We are currently losing some of our capacity as a result of #1781. The biggest impact of this is on the Linux/x64 systems where we currently have 12 test systems (4 each of CentOS7, Debian8, and Ubuntu16.04). Losing this capacity will have a significant impact on our abnility to run testing.

In order to mitigate this, I am proposing running a subset (not all, since we need to test some using the real kernel for the operating system) in Docker containers. For prototyping purposes I am using one large system with static docker images of differnet OSs to give us a mix, but going forward we could probably spin them up on the fly in a comparable way to how we build the Linux/x64 and Linux/aarch64 builds using the dockerBuild nodes today.
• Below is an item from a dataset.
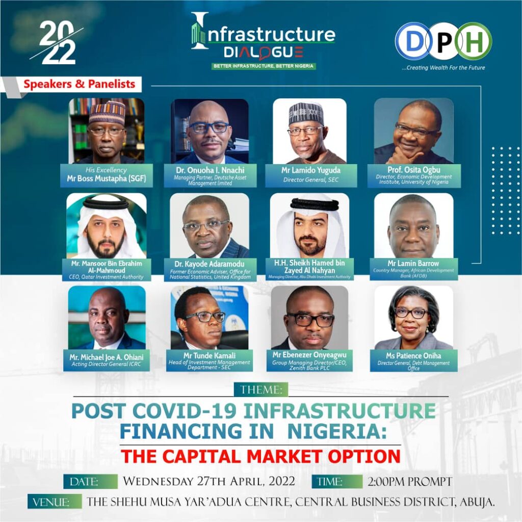 Deutsche Partners Holding with the special consent of the securities and exchange commission Nigeria under the platform infra dialogue is holding a dialogue termed ” Post covid-19 infrastructure dialogue” where it will hold intellectual and practical discourse about the infrastructure status in Nigeria, its deficit, investment opportunities and the role the capital market plays and has to play in terms of funding and investment in infrastructure in Nigeria.
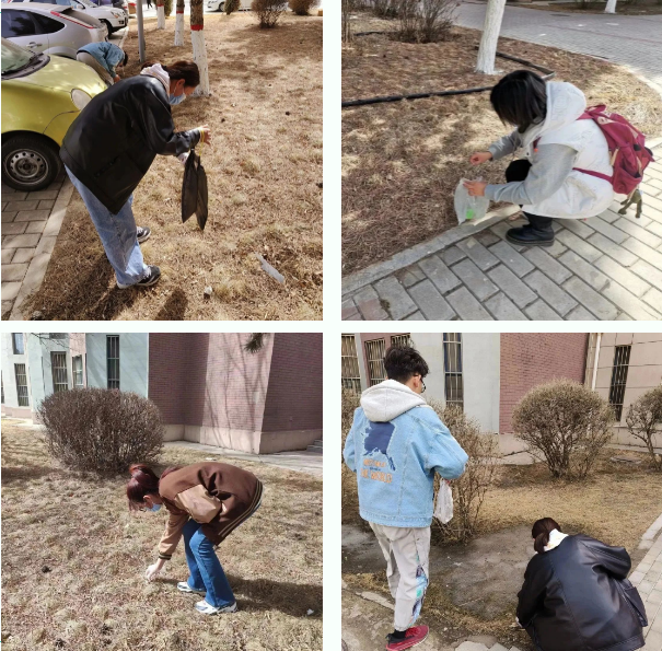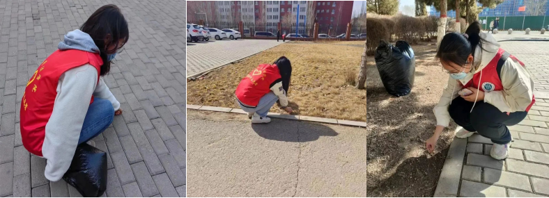 志愿者们不怕脏不怕累,细心工作,在泥土与杂草中寻找纸屑、塑料袋等垃圾。躬身寻找、仔细搜索,身着红马甲的志愿者们是校园内的靓丽风景线,更是创建文明城市的排头兵,他们以自身的劳动践行着雷锋精神。

I have configured a 24-core (48 thread) system docker-packet-ubuntu2004-x64-1 with six static docker containers (One each of Ubuntu 16,04, 18.04, 20.04, 20.10) and two Fedora 33) and these are in jenkins with the name of the host system and a suffix to indicate the OS in the container. While this doesn't quite match the 12-machine set at GoDaddy it will still be adequate to prevent xLinux capacity from being a limiting factor

The important thing about this is that we need to understand how many tests can be performed within docker containers as (external tests excepted) it is not something we have tried before. The containers on this host are restricted to 4 CPUs each and 6Gb of RAM. This limitation prevents the system test suites in particular consuming all the resources on the machine. Initial testing from last night shows that the load on the machine was around the 25-30 mark, which is likely OK.

Issues relating to running tests in docker specifically can be captured in adoptium/aqa-tests#2138

Dockerfiles used to create these images (not the full playbooks are in the attachment

If you have an concerns about this approach, feel free to add them into the comments :-)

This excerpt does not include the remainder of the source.